Task to complete
The reply should hold every record, copied exactly, and none of the pictures.

┌─ Task input

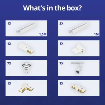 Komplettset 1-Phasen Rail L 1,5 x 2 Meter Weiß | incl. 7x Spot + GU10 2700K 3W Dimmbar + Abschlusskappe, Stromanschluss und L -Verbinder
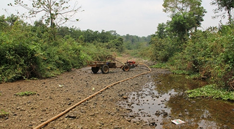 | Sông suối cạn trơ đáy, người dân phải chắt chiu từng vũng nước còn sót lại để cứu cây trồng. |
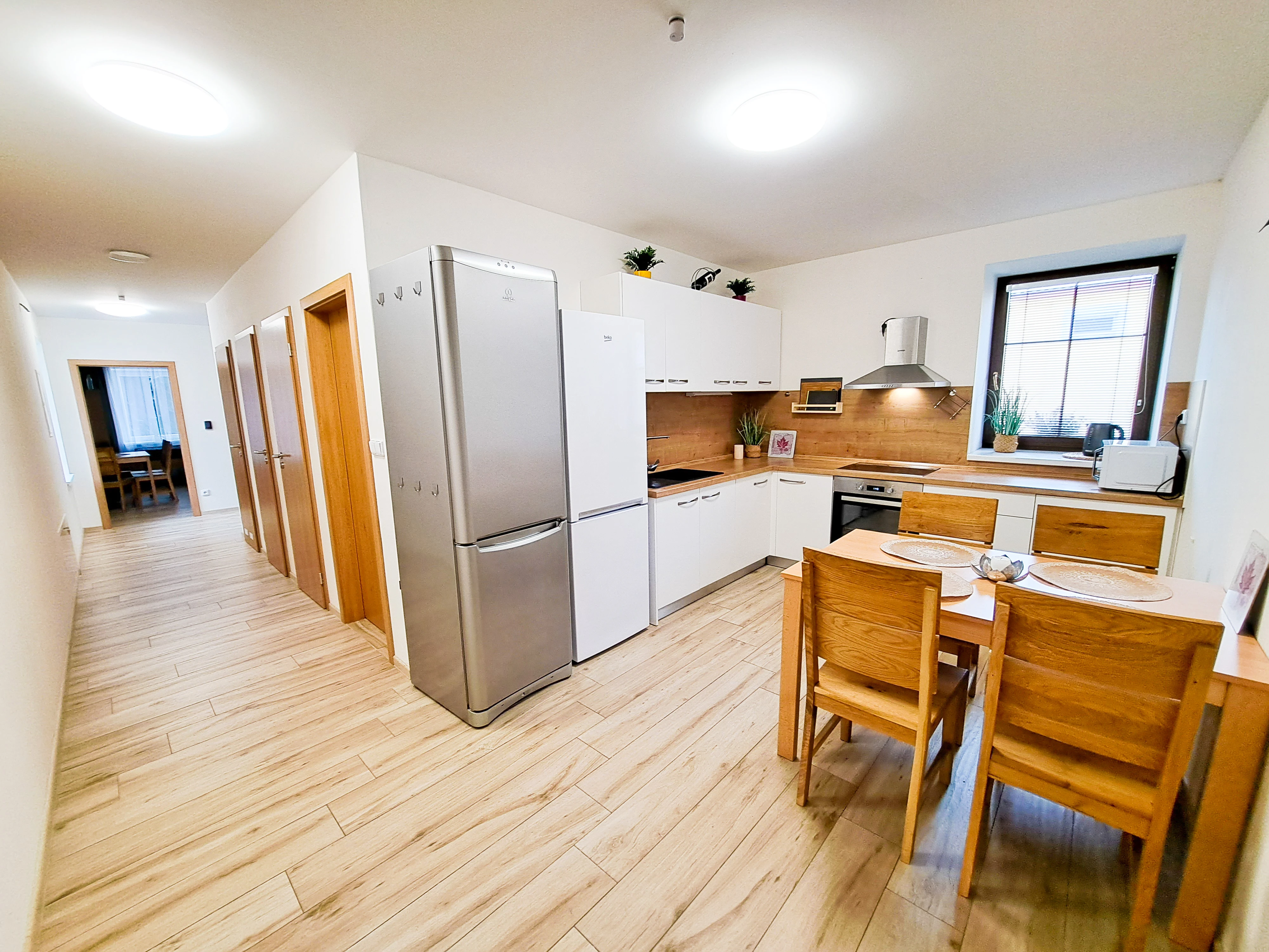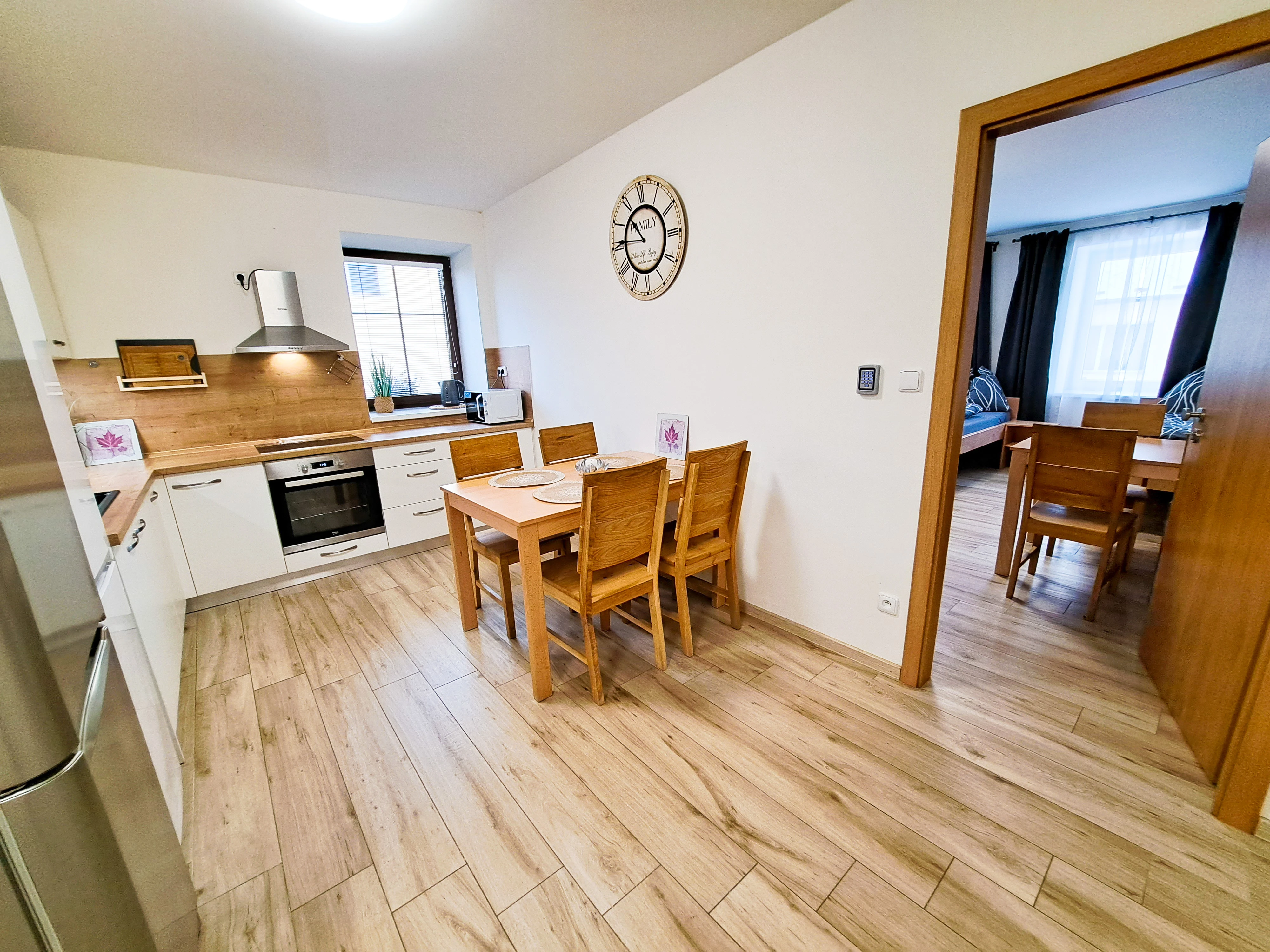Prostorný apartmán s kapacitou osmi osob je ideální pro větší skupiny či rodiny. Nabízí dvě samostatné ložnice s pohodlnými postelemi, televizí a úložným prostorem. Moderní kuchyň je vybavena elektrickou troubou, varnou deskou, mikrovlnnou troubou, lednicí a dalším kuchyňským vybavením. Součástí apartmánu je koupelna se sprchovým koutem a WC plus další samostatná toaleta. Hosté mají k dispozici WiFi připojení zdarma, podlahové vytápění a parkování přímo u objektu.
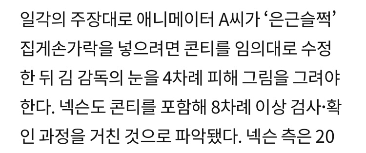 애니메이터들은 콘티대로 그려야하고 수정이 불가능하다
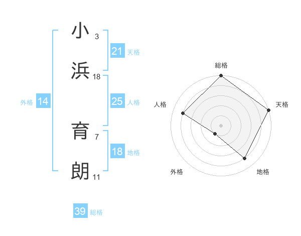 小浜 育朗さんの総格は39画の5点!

└─

Your solution
 Komplettset 1-Phasen Rail L 1,5 x 2 Meter Weiß | incl. 7x Spot + GU10 2700K 3W Dimmbar + Abschlusskappe, Stromanschluss und L -Verbinder
 | Sông suối cạn trơ đáy, người dân phải chắt chiu từng vũng nước còn sót lại để cứu cây trồng. |
Prostorný apartmán s kapacitou osmi osob je ideální pro větší skupiny či rodiny. Nabízí dvě samostatné ložnice s pohodlnými postelemi, televizí a úložným prostorem. Moderní kuchyň je vybavena elektrickou troubou, varnou deskou, mikrovlnnou troubou, lednicí a dalším kuchyňským vybavením. Součástí apartmánu je koupelna se sprchovým koutem a WC plus další samostatná toaleta. Hosté mají k dispozici WiFi připojení zdarma, podlahové vytápění a parkování přímo u objektu.
 애니메이터들은 콘티대로 그려야하고 수정이 불가능하다
 小浜 育朗さんの総格は39画の5点!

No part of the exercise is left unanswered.